Most recent update: 4/27/2016
Group Members: Alex Thompson
Project Description:
For the final project in this course, I will be working alone to implement a program that simulates a travel tracker in the United States. This project will implement a graph data structure to store various US cities and the edges connecting them. While this program is running, the user will be able to pick a starting location and begin to travel through the US. This graph will use weighted edges. As a user travels from city to city, the program will keep track of how far they have traveled and possibly by what means (have not decided if this will be implemented yet). The program will optimize travel between cities using shortest distance algorithms such as Dijkstra's algorithm. Will possibly implement further optimization functionality surrounding mode of travel. I will be designing this program to track travel in the US, but the code will be written such that any text file that is formatted properly and has the correct information can be used to generate a different graph with the same functionality, such as cities in Europe. The text file needs to be formatted such that the first line of text begins with the word "cities" followed by a comma, then all city names that are to be included in the graph separated by commas. Each subsequent line will have the name of a city followed by the connections to all other cities in the graph, separated by commas. A value of -1 will indicate there is no connection between those two cities. 0 indicates the city is connected to itself. All other positive values indicate a link between those cities and the value is the distance between them. A sample file "USCities.txt" will be included in this repository as an example of how the file needs to be formatted.
How to Run:
The best way to run this program is to extract the files of FinalProject-master.zip into a new folder. The executable is located at:
FinalProject-master/bin/Debug/FinalProject
along with a sample .txt file you can use for testing. (All other files in this repository are the raw code found in the .zip file.)

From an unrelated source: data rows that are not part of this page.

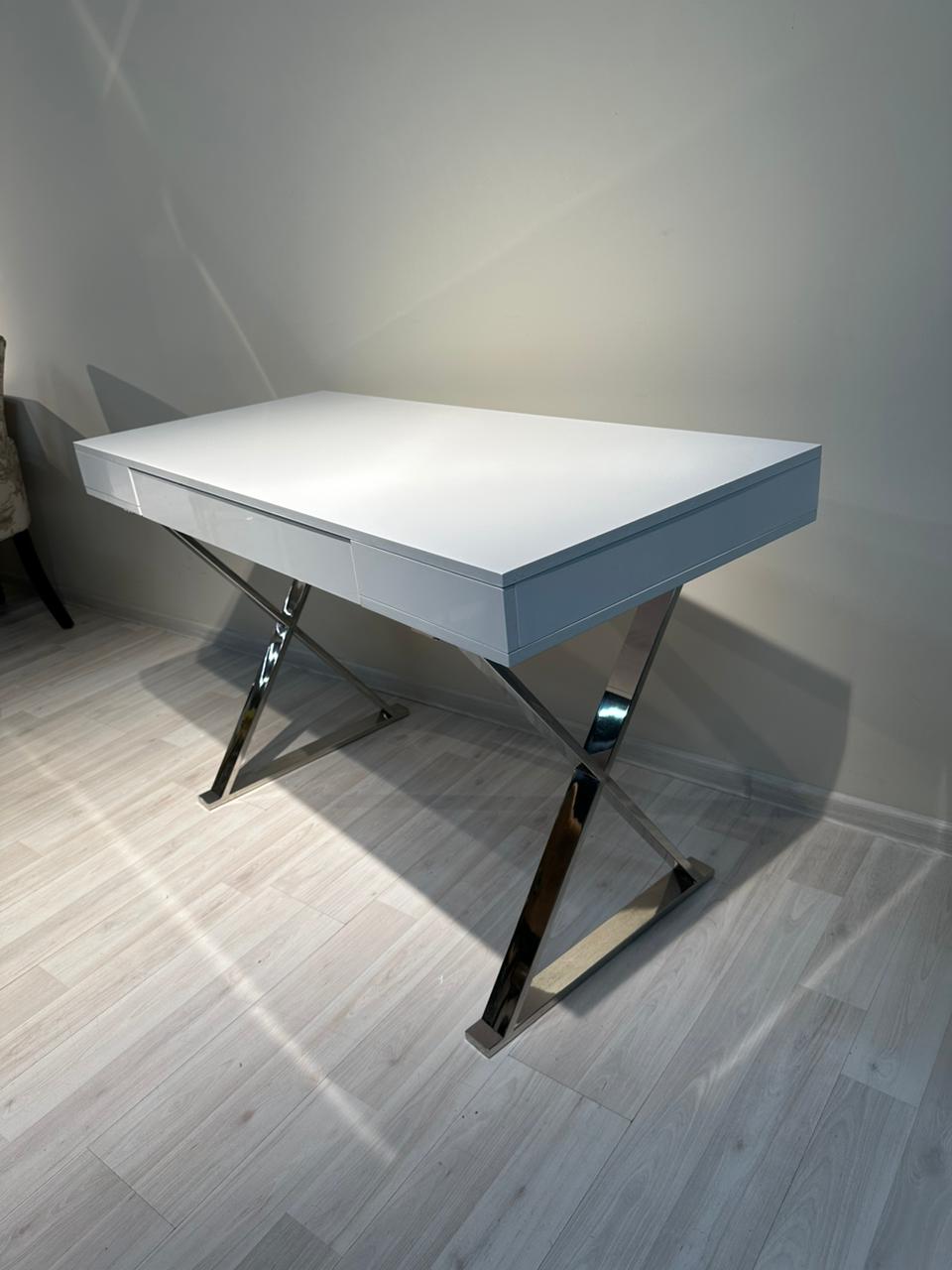 Этот стол-консоль обладает лаконичным дизайном, поэтому идеально впишется в интерьер любого помещения, офиса, салона красоты или комнаты дома: поставьте стол в детскую, чтобы получился замечательный рабочий-письменный стол для школьника, в кабинет, чтобы использовать его как компьютерный столик. Вы можете поставить на стол зеркало - и вот готов отличный туалетный столик в спальню. Стол имеет удобный ящик с полезным размером 61х32х5 см, в котором можно хранить документы, канцелярию, гаджеты или другие разные мелочи. Столешница – глянцевое МДФ, что экологично и безопасно для здоровья. Крестообразные ножки – нержавеющая сталь с глянцевым хромированием методом гальванического покрытия, что обеспечивает высокое качество и длительную эксплуатацию. Размер: 120x55x76 см 1шт/2корбки Размер упаковки: 127x61x16; 69x56x16 см Вес нетто: 28кг Вес брутто: 30кг Гарантия 1 год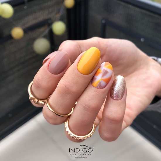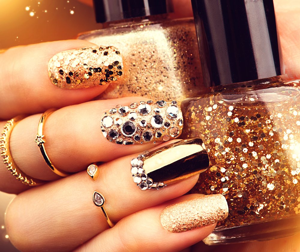 Позволим себе лишь пару замечаний на сей счет. К украшениям из золота подбирайте покрытия и декоративные элементы соответствующего цвета. Золотистый шиммер, блестки и бусинки в декоративном дизайне ногтей в этом смысле будут выглядеть наиболее органично.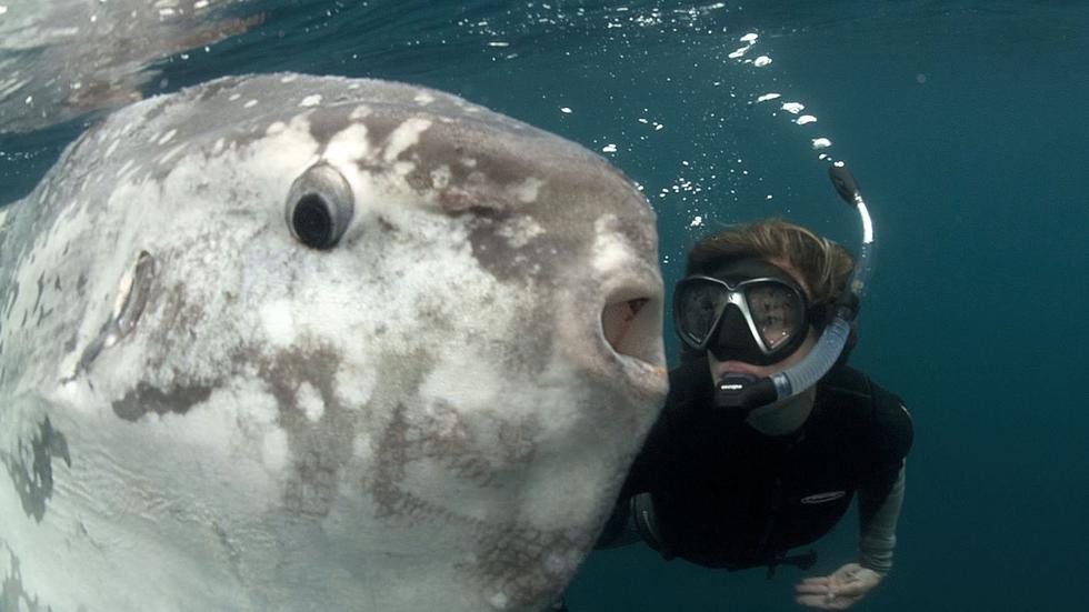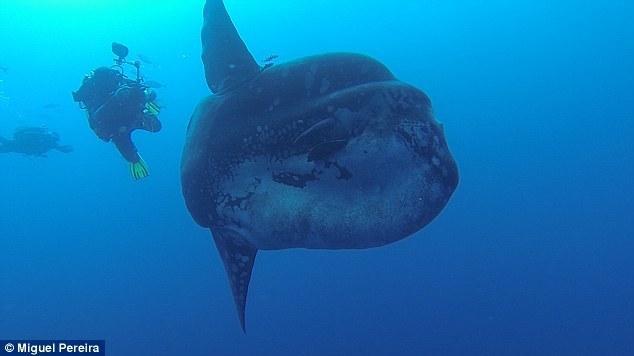 据《每日邮报》报道,葡萄牙海岸附近发现了高达5米的巨型翻车鱼,潜水员只有它的鱼鳍那么大。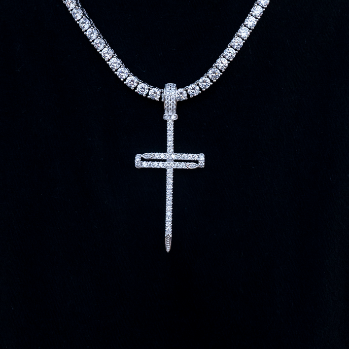 The Large Nail Cross Pendant, also known as "The Cross of Suffering," is detailed with larger hand-set stones, intricately hand-placed to give the pendant a shine that will stand out from the crowd.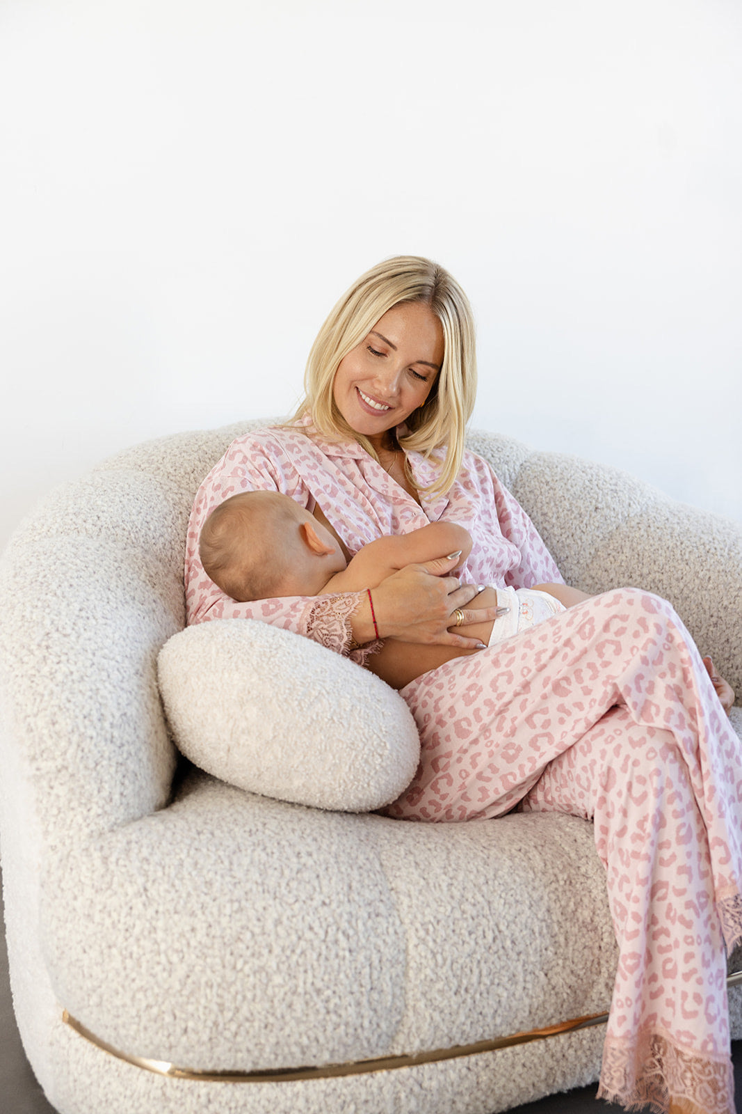 All mothers are goddesses and they’ve shown incredible grace, strength, wisdom, and ever more in all seasons of womanhood. This 100% cotton pajama set channels our inner fire with a pink cheetah print and feminine lace sleeves. With an adjustable elastic waistband, this pajama set will grow from pregnancy to beyond. A discreet side opening allows mothers for babies to nurse in comfort with their mother. This is an essential piece will liven up your wardrobe in those early days of motherhood. Eveline The Label designs maternity essentials that evolve with you in all seasons of motherhood, from pregnancy to beyond.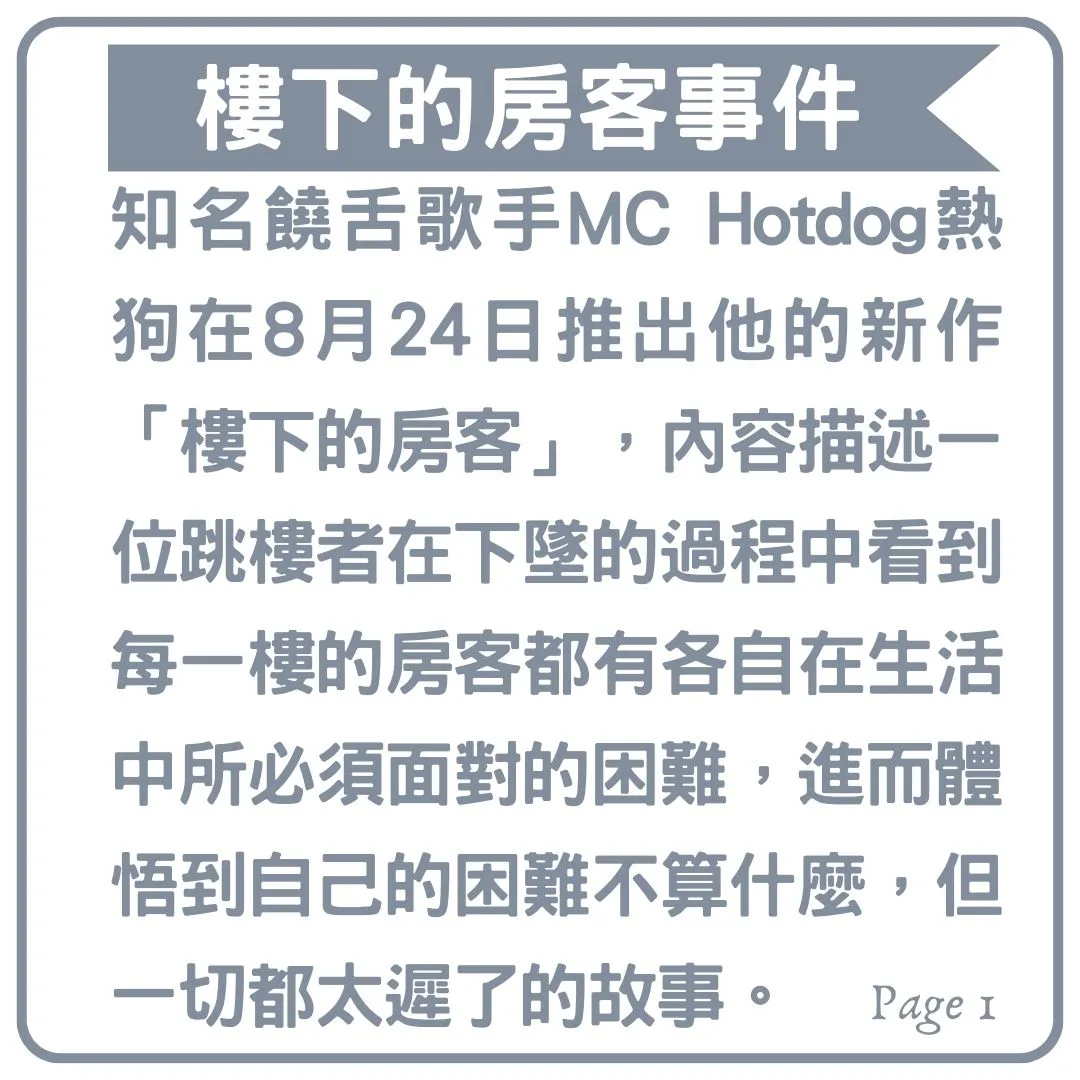 最近知名嘻哈饒舌歌手MC Hotdog發布了他的新歌「樓下的房客」,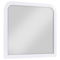 Complete Your Bedroom With A Modern Framed Dresser Mirror. Ideal For A Contemporary Space, It Features A Crisp Silhouette With Square Lower Corners And Rounded Upper Corners. Its Pearl White Finish Is Light And Airy, Ideal For A Compact Space. The Mirror Glass Beveled To Create Dimensionality In Your Bedroom And Is Ideal For Getting Yourself Ready To Go In The Morning. This Mirror Is A Great Way To Finish Your Bedroom Ensemble.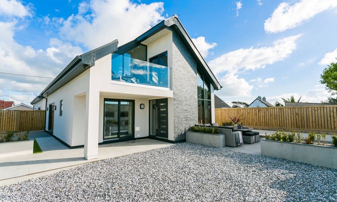 Gwel y Mor is one of two identical houses next to each other, completed in 2022 in the heart of the coastal village of Rhosneigr. Shops, bars, cafes, restaurants and sandy beaches are all within walking distance.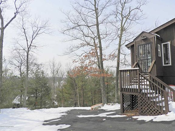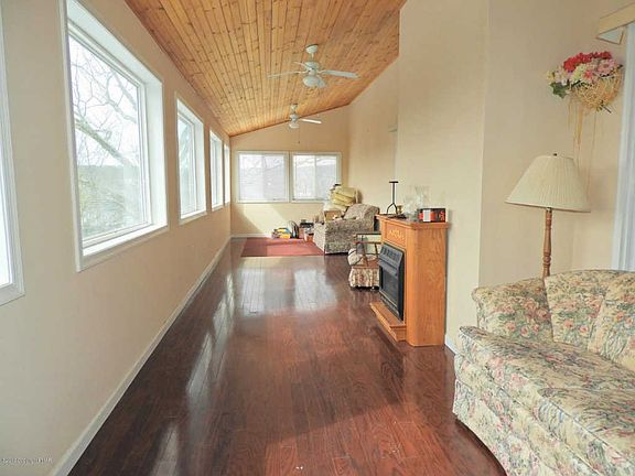 SPACIOUS Open Contemporary with 4 Bedrooms 2 Baths sitting on a DOUBLE LOT that comes with GREAT VIEWS from Living Room Sun Porch w/ PROPANE FIREPLACE. Family Room/Dining Combo w/ CATHEDRAL CEILINGS & BRICK FIREPLACE. Laminate flooring throughout living areas & bedrooms. 2 Bedrooms on First Floor, one with vaulted ceilings & other bedroom with Jack&Jill Bath. Tiled Kitchen w/ NICE amount of counter space. 2nd floor with 2 Bedrooms & Bath. Stand up ENCLOSED storage closet. Paved Driveway. Paver Retaining Wall. Call Today for a PRIVATE Showing of this beautiful home!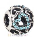Sterling Silver love Hearts Charm with Aquamarine Heart Austrian Crystal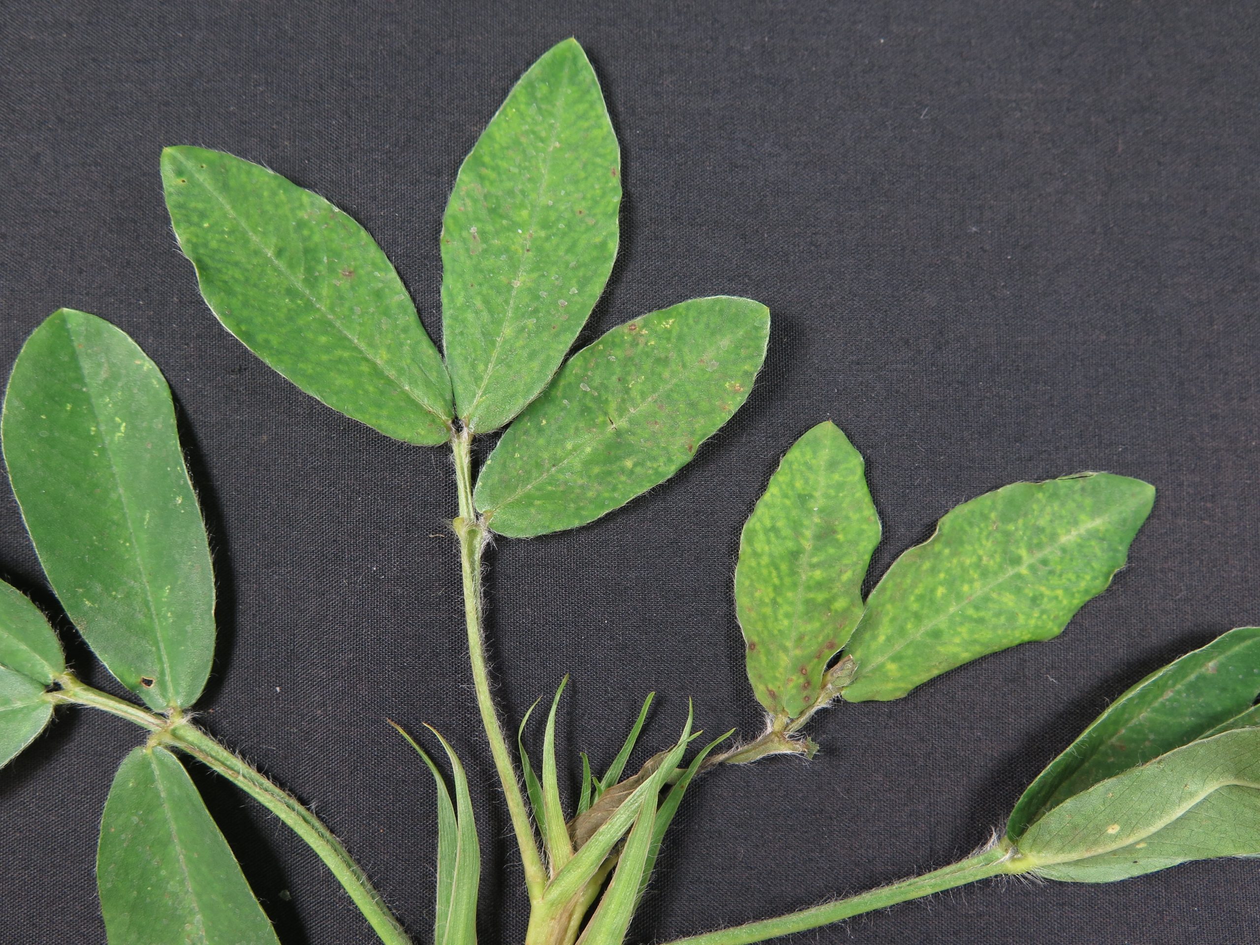 - Small chlorotic spots, mild leaf distortion and petiole necrosis on peanut infected with CPMMV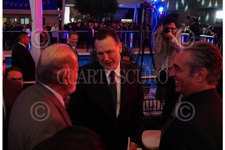 CIUDAD DE MÉXICO, 26JUNIO2025.- Francisco Cervantes, presidente del Consejo Coordinador Empresarial, el empresario Carlos Slim Helú, y Carlos Slim Domit, Presidente del Consejo de Administración de Grupo Sanborns, saludan al embajador estadounidense Ronald D. Johnson durante la ceremonia con motivo de 249 Aniversario de la Independencia de los Estados Unidos, próxima a celebrarse el 4 de julio, en la residencia oficial de la embajada. FOTO: GALO CAÑAS/CUARTOSCURO.COM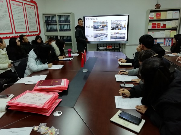经历第一阶段试运行后,支部书记杜泽坤对活动成果进行汇报,将实验室活动前后的照片进行比较,总结第一阶段取得的成绩,对文明实验室及先进个人进行表彰,对做的不好的实验室和责任人,及时指出存在问题,谈心谈话,限期改正,同时总结好的做法经验,宜传先进,并加以推广。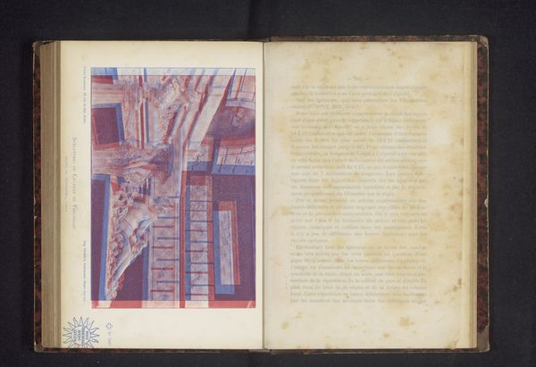 Curator: Here we have "Zaal met sculpturen in het Musée du Luxembourg", a colored-pencil drawing created before 1894, attributed to Bonnamy. Editor: Immediately, I’m struck by the chromatic tension. The red and blue lines seem to vibrate on the page, giving the sculptures an almost ethereal presence. It is rather disconcerting. Curator: Yes, and I think understanding the Musée du Luxembourg’s context helps us appreciate that tension. In the late 19th century, it served as a museum for contemporary art. To display sculptures in this manner, especially rendering them in this fragmented color scheme, might represent an attempt to democratize and make sculpture accessible. Who did it make it accessible to, and why? Editor: Perhaps accessible through reproduction. It looks almost like an anaglyph, the old method for making things 3D, hinting at a desire to make the art present. The stark lines and blocks of color simplify the forms but simultaneously fracture the sculptural images into many component lines and blocks. Curator: Precisely! And we can consider the impact of such reproductions in an era defined by the rise of mass media. How did the dissemination of art imagery alter understandings of national identity and cultural values? Was this democratization genuinely inclusive? These sculptures—classical in form—primarily represented white European ideals, of course, reinforcing dominant cultural narratives of beauty and power. Editor: The formalism contributes to that impression of dominant order. The carefully structured space—the sharp receding lines—contains, almost imprisons, the artistic subjects. And even through its color, the image, being composed only of blue and red, has set limits. The red calls for our eye to recall the white marble. Curator: And perhaps to recall those debates about art education and accessibility for marginalized communities that still reverberate today. This artwork offers an unexpectedly complex window into art's role in constructing and perpetuating cultural norms. Editor: Agreed. Even from my formalist point of view, it provides such an engaging perspective on both the technology and artistry involved in reproduction, creating something visually stimulating despite the constraints of its palette and the inherent limitations of capturing three-dimensional objects on a two-dimensional plane.

This program is run using command line arguments. The second command line argument must be the file name of a .txt file containing the adjacency matrix for the desired graph. If this text file is not formatted properly, the program will be unable to read the data properly into the graph, most likely causing a crash. Additionally, make sure the executable is from "FinalProject.cpp". The text file needs to be formatted in the following ways: -the first line of the file must start with the word "cities"followed by a comma. Each city name will follow the comma and have a comma listed after it as well -each subsequent line of the file starts by listing the name of one of the cities in the graph. The row will contain integers corresponding to connections to cities given in the order in the first line. A value of -1 implies no connection, a value of 0 implies a connection to itself, and a value greater than or equal to 1 indicates a connection whose weight is the specified value. -the integers regarding the connections must be separated by commas with no spaces There is a file in this repository called "USCities.txt" that can be used as an example to run the program. It provides the formatting necessary for the graph to be created successfully. When the program launches successfully, the user will be prompted by a welcome message and asked to input a starting location. It is important to note that you cannot progress any further than this prompt unless you enter a valid city. Valid cities will be the city names listed in the text file. Once you have successfully specified a starting location, you will be prompted with a very intuitive menu interface with multiple options available. Simply input the integer value of the option you want to select.
Dependencies:
The only dependency that I know of so far is that you compile these files using C++11. Certain functions will not operate properly unless your compiler is doing this. All operating systems should run this program normally and no extra software is needed. The necessary libraries have all been included in the header files.
Contributors:
While I largely worked alone on this project, I would like to thank Holden Sheftel for providing advice/input during the design process. In particular, he was very helpful in designing the shortest path algorithms.
Open Issues/Bugs:
So far as I know, the only portion of this code that is not working properly is the Bellman-Ford shortest path algorithm. If you select to travel to a new location using this algorithm, you will likely encounter the following error:
terminate called after throwing an instance of 'std::bad_alloc' what(): std::bad_alloc
and the program will crash. As of right now, I don't know what is causing this and any contributions to make it work would be greatly appreciated. All of the other shortest path/traversal algorithms appear to be working normally. It is also possible there are other bugs I'm not aware of and keeping an eye out for them would also be appreciated.
Enhancement Requests:
When I was initially coming up with this idea, I thought it would be interesting to implement a type of graph where multiple modes of travel (car,bus,plane,ect.) could be utilized for travel. I thought there could be multiple edges between two vertices so long as the edges were all of different types or modes. This could open the door for further methods of optimizing/tracking travel. You could track the individual distances logged by each mode of transportation and take the costs of various modes into effect as well. Unfortunately, I was not able to implement this in time.